▶ [Task statement]
Transcribe the entries below exactly, starting with the line that has "yarn rmadmin -transitionToActive" and stopping after the line that has "Đại tá Nguyễn"; no pictures belong in the copy.

▶ [Dataset]
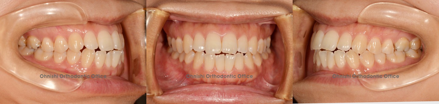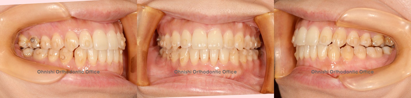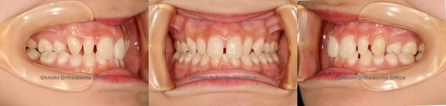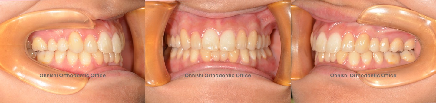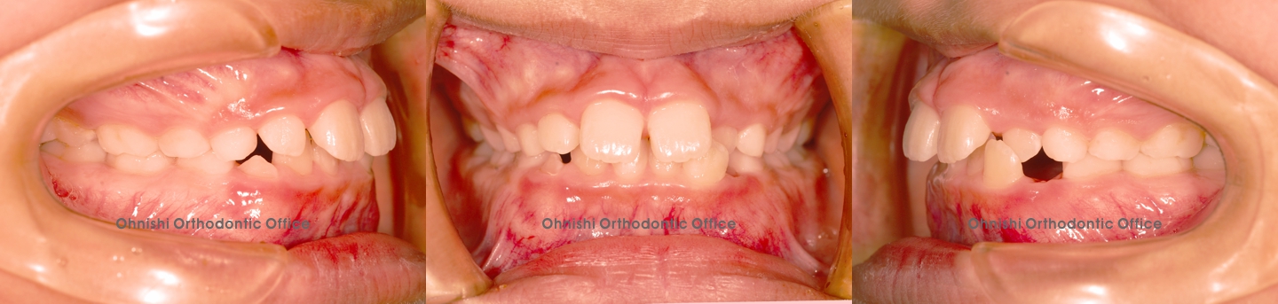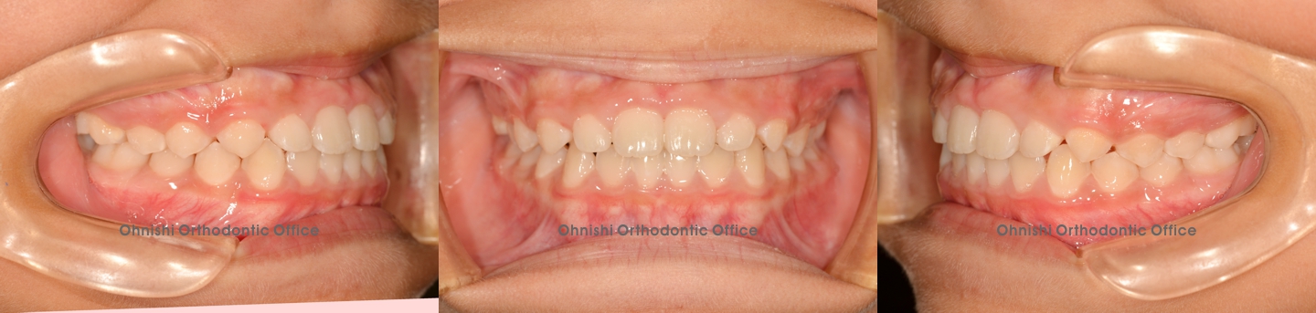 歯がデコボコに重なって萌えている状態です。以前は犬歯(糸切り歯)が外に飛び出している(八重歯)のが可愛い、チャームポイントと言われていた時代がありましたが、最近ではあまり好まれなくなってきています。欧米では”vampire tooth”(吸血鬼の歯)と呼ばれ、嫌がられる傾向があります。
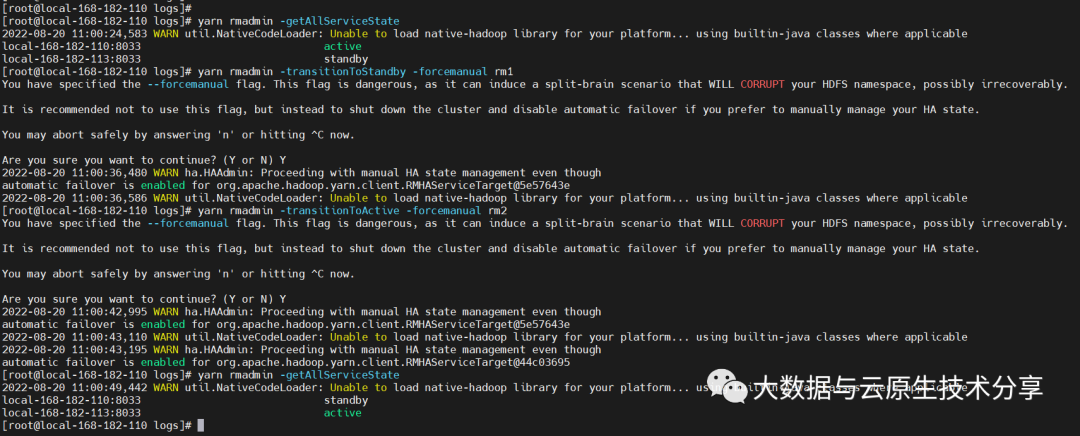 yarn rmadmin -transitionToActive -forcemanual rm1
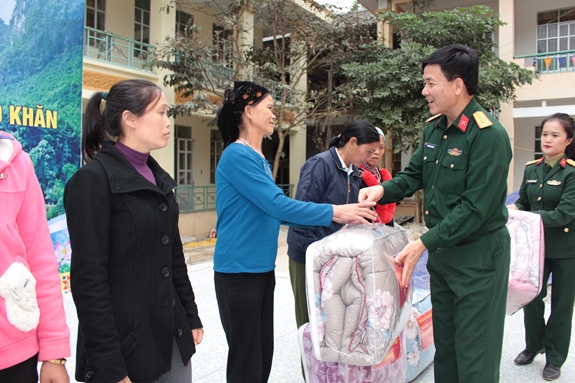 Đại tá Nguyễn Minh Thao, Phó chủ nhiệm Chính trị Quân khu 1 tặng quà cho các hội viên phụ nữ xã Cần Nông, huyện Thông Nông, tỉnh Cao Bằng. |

...

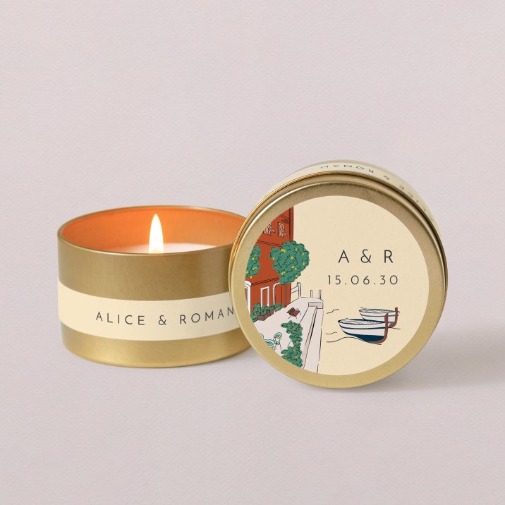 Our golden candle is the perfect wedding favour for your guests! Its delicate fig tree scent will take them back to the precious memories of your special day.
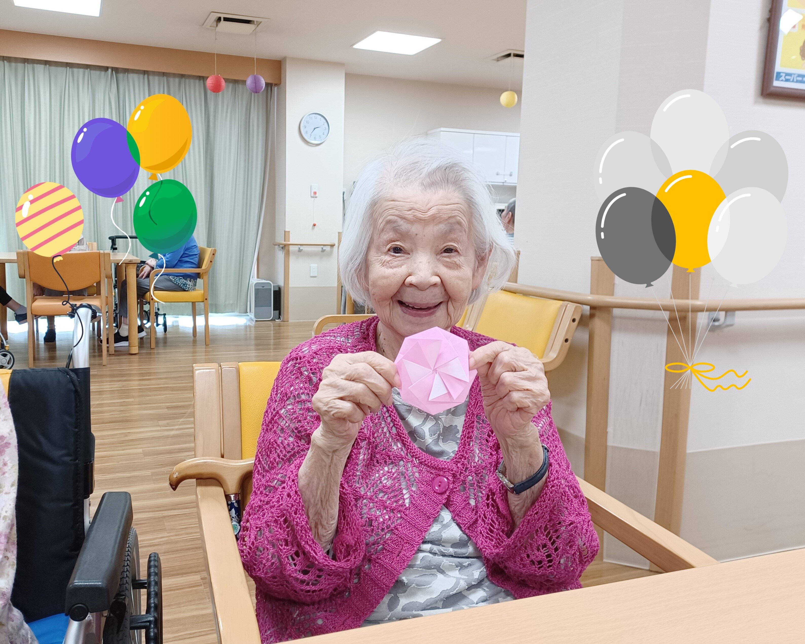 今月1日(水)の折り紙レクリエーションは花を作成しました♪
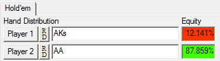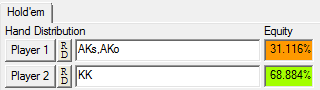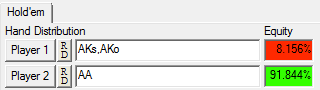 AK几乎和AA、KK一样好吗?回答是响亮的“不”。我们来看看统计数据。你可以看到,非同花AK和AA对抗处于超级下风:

▶ [Written solution]
 yarn rmadmin -transitionToActive -forcemanual rm1
 Đại tá Nguyễn Minh Thao, Phó chủ nhiệm Chính trị Quân khu 1 tặng quà cho các hội viên phụ nữ xã Cần Nông, huyện Thông Nông, tỉnh Cao Bằng. |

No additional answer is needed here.